Его герой Евгений Онегин воспитан французским гувернером и напичкан продуктами западного культурного «трансфера». Он читает Адама Смита, но это не имеет никакого практического значения даже для хозяйственной деятельности его отца. Это отличная иллюстрация к тезису о несоответствии собственного бытия и заимствованного сознания. Такая эрудиция, оторванная от реалий российской жизни, включая экономическую жизнь самой его семьи, развивается у Онегина в результате поверхностного образования, которое не подкрепляется никакой «высокой страстью» к чему бы то ни было. Старая традиционная система смыслов смыта французским воспитанием, новая не обретена, потому что для этого нужна «высокая страсть», отсутствующая у Онегина.
Онегин вместе с «героем нашего времени» Лермонтова олицетворяют разочарование в прежних ценностях, но еще никак не обретение замены этим ценностям в новом всесокрушающем «идеале». Этому типажу посвящено стихотворение Лермонтова «Печально я гляжу на наше поколенье». К пушкинской характеристике этого поколения (отсутствие «высокой страсти») Лермонтов добавляет – отсутствие жертвенности и бесцельность его существования.

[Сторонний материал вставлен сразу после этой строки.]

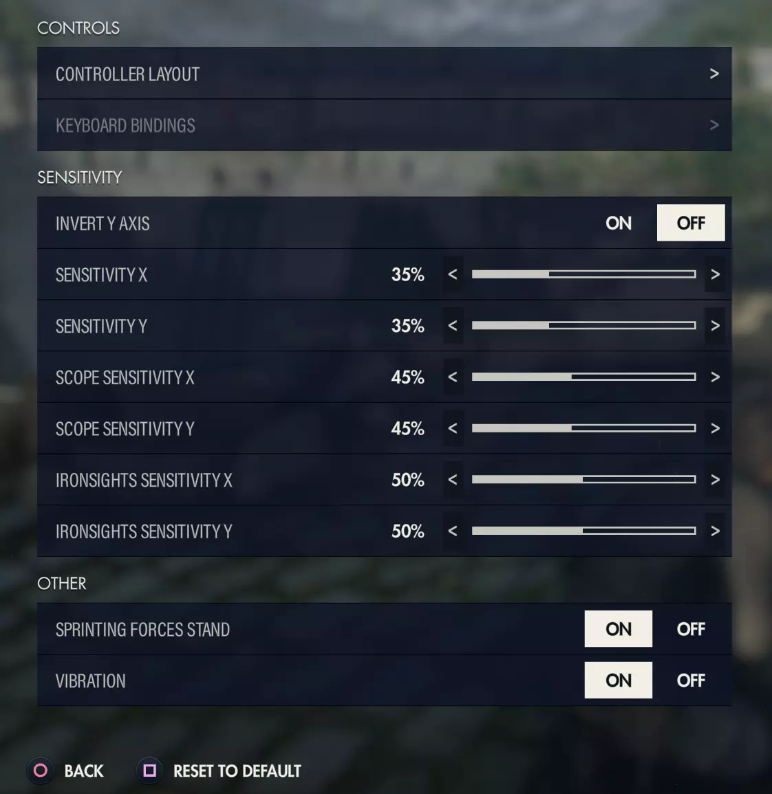 在游戏中,你会发现操控手感立即变得更好,但现在灵敏度可能过高。 进入【游戏选项】>【控制】,将【X轴与Y轴灵敏度】数值调低。例如,我现在将其设为35%。
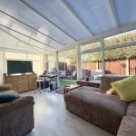 CONSERVATORY 18' 10" x 9' 6" (5.74m x 2.9m) brick base with windows overlooking rear garden; large sliding door to rear; further side door; wall lights.
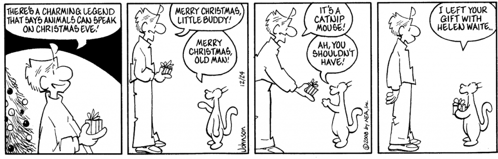 I’ve had a lot of fun over the years with the old European legend that animals are given the ability to speak in human voices on Christmas Eve. It’s a treat after working with a cat who says only “meow” the other 364 days of the year. I hope you will notice, I did it again this year. However, when this comic strip ran in 2008, I received a very angry letter from a distraught woman who said her mother’s maiden name had been “Helen Waite,” and I had ruined her Christmas by abusing her mother’s name and memory in such a tasteless and vile manner. Now, I can’t take credit for the joke; I think Pliny the Elder perhaps could. I remember getting a birthday card from a girlfriend in high school which said, “I gave your gift to Helen Waite, so… etc.” I think the poor woman had heard the old canard so many times that she just snapped when she saw it again the funny papers. I hope she doesn’t see this.
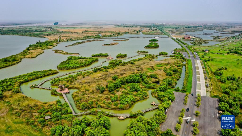 这是2021年5月13日拍摄的山东黄河三角洲国家级自然保护区景色(无人机照片)。新华社记者 郭绪雷 摄
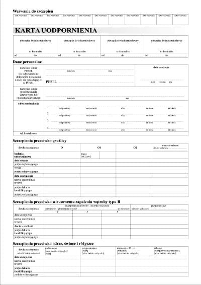 Karta uodpornienia A4

Фаза «разочарования» не предполагает наличия цели и сильных эмоций. Но эта фаза не может продлиться долго, если предположить, что феномен жертвенного служения является элементом генотипа «русской цивилизации», который не может так просто бесследно исчезнуть.
Персонаж Тургенева Базаров – это уже новая фаза развития данного типажа. Он от разочарования и равнодушия к окружающему миру переходит к его жесткому отрицанию. При этом его «положительный идеал» – в виде практической пользы – еще достаточно слаб. Сам смысл умонастроения, названного Тургеневым «нигилизмом», как раз и заключается в том, что отрицание привычного мира в нем выражено гораздо ярче, чем утверждение какой-то альтернативы.
В то же время определенная альтернатива привычному, но отвергаемому порядку вещей, у Базарова все-таки есть, и она весьма характерна. Это культ научности, которая выливается у него в плоский позитивизм в духе Спенсера и Конта. Но если для западных философов позитивизм – это подробно разработанная концепция, которая сама является научной, то для русских последователей Базарова это именно культ, с его приоритетом догматической веры, которая очень легко может принять наукообразие за науку. Здесь уже угадывается образ правоверного ортодоксального марксиста, который учение своих кумиров чисто религиозно и полностью антинаучно почитает за «единственно правильное» направление в общественных науках.
Впрочем, уже на данной фазе разочарования в русской контрэлите появляются и другие «положительные идеалы».
Один из них – западничество, которое поначалу с религиозной страстью (самый яркий пример – Чаадаев) проповедует превосходство католической веры над православной, и славянофильство, противопоставляющее уродству современного социального строя романтический идеал допетровской Руси. Но если славянофильство так и осталось литературным течением, то западничество имело гораздо более далеко идущие последствия, так как предложенная им версия переоценки ценностей получила отклик в правящей элите, что вылилось в самую грандиозную со времен Петра попытку реформ по западноевропейскому образцу.
2.4.1. Проект европейской модернизации
Идеология западничества завладевает умами довольно большого слоя русской интеллигенции и получает дополнительный импульс после реформ 1860-х годов. Здесь наибольшее значение имели три реформы:
1) реформа университетского образования, давшая сильный импульс развитию академической и интеллектуальной свободы;
2) судебная реформа, которая положила начало правовой модернизации европейского типа, т. е. формирование в России основ правового государства;
3) земская реформа, положившая начало созданию системы самоуправления, в рамках которого европеизированная интеллигенция могла применить свой интеллектуальный багаж на практике.
Эти три реформы обозначают вектор европейской модернизации гораздо четче, чем освобождение крестьян, которое сохранило компромисс с таким существенным элементом старого мира, как община.